23andme is one of the ever-increasing number of direct to consumer DNA testing companies. You send in a vial of your spit; and they analyse parts of your genome, returning you a bunch of reports on ancestry, traits and – if you wish – health.
Their business is highly regulated, as of course it should be (and some would say it oversteps the mark a little even with that), so they are, quite rightly, legally limited as to what info they can provide back to the consumer. However, the exciting news for us data geeks is that they do allow you to download the raw data behind their analysis. This means you can dig deeper into parts of your genome that their interpretations don’t cover.
It should be said that there is considerable risk involved here, unless – or perhaps even if – you happen to be a genetics expert. The general advice on interpretation for amateurs should be to seek a professional genetic counseller before concluding anything from your DTC test – although in reality that might be easier said than done.
Whilst I might know a bit about how to play with data, I am not at all a genetics expert, so anything below must be taken with a large amount of skepticism. In fact, if you are in the perfectly legitimate camp of “best not to know” people when it comes to DNA analysis, or you feel there is any risk you won’t be able to constrain yourself to treat the innards of your genome as solely a fun piece of analysis and constrain yourself to avoid areas you don’t want to explore, it would be wise not to proceed.
Also, even as an amateur, I’m aware that the science behind a lot of the interpretation of one’s genome is in a nascent period, at best. There are many people or companies that may rather over-hype what is actually known here, perhaps even to the extent of fraud in some cases.
But if you are interested to browse your results, here is my first experience of playing with the 23andme raw data in R.
Firstly, you need to actually obtain your raw 23andme data. A obvious precondition to this is that you have purchased one of their analysis products, set up your 23andme account, and waited until they have delivered the results to you. Assuming that’s all done, you can visit this 23andme page, and press the “Download” button near the top of the screen. You’ll need to wait a while, but eventually they’ll notify you that your file is ready, and let you download a text file of results to your computer. Here, I called my example file “genome.txt”.
Once you have that, it’s time to load it into R!
The text file is in a tab-delimited format, and also contains 19 rows at the top describing the contents of the file in human-readable format. You’ll want to skip those rows before importing it into R. I used the readr package to do this, although it’s just as easy in base R.
A few notes:
- It imported more successfully if I explicitly told R the data type of each column.
- One of the column headers (i.e. the field names) starts with a # and includes spaces, which is a nuisance to deal with in R, so I renamed that right away
- I decided to import it into a dataframe called “genome_data”
library(readr)
genome_data_test <- read_tsv(".\\data_files\\genome.txt", skip = 19, col_types = cols(
`# rsid` = col_character(),
chromosome = col_character(),
position = col_integer(),
genotype = col_character())
)
genome_data_test <- rename(genome_data_test, rsid = `# rsid`)
Let’s see what we have!
head(genome_data_test)
Sidenote: the genome data I am using is a mocked-up example in the 23andme format, rather than anyone’s real genome – so don’t be surprised if you see “impossible” results shown here. Call me paranoid, but I am not sure it’s necessarily a great idea to publicly share someone’s real results online, at least without giving it careful consideration.
OK, so we have a list of your SNP call data. The rsid column is the “Reference SNP cluster ID” used to refer to a specific SNP, the chromosome and position tell you whereabouts that SNP is located, and the genotype tells you which combination of the Adenine, Thymine, Cytosine and Guanine bases you happen have in those positions.

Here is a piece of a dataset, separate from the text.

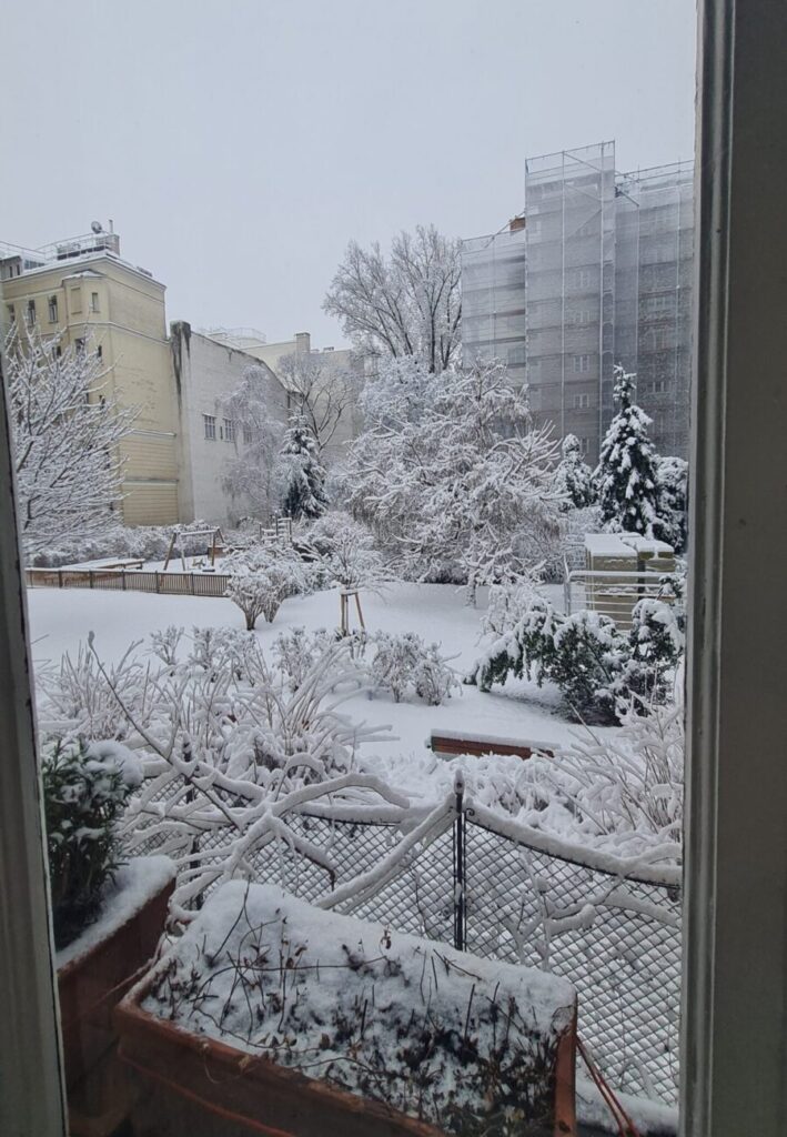 So sah es also aus, als ich heute früh aus dem Fenster gesehen habe – nicht gerade frühlingshaft. Und in Anbetracht der Tatsache, dass ich seit vier Tagen krankheitsbedingt in der Warteschleife für meine Abreise nach Kreta hänge nicht gerade aufbauend. Aber was soll’s, es sollte ohnehin noch dicker kommen: Auch morgen werde ich nicht fliegen. Denn jetzt, wo es mir wieder einigermaßen gut geht, ist meine Frau krank geworden, und ich werde sie natürlich nicht alleine im verschneiten Wien lassen. Also zum dritten Mal umbuchen – diesmal immerhin kostenlos, Aegean sei Dank.

(Again, I am not at all an expert here, so apologies for any incorrect terminology! Please feel free to let me know what I should have written 🙂 )
Now, let’s check that the import went well.
Many of the built in 23andme website reports do actaully list what SNPs they refer to. For instance, if you click on “Scientific Details” on the life-changing trait report which tells you how likely it is that you urine will smell odd to you after eating asparagus, and look for the “marker tested” section, it tells you that it’s looking at the rs4481887 SNP.
And it also tells you what bases were found there in your test results. Compare that to the data for the same person’s genome imported in R, by filtering your imported data like this:
library(dplyr) filter(genome_data_test, rsid == "rs4481887")
If the results of that match the results shown in the scientific details of your asparagus urine smell report, yay, things are going OK so far.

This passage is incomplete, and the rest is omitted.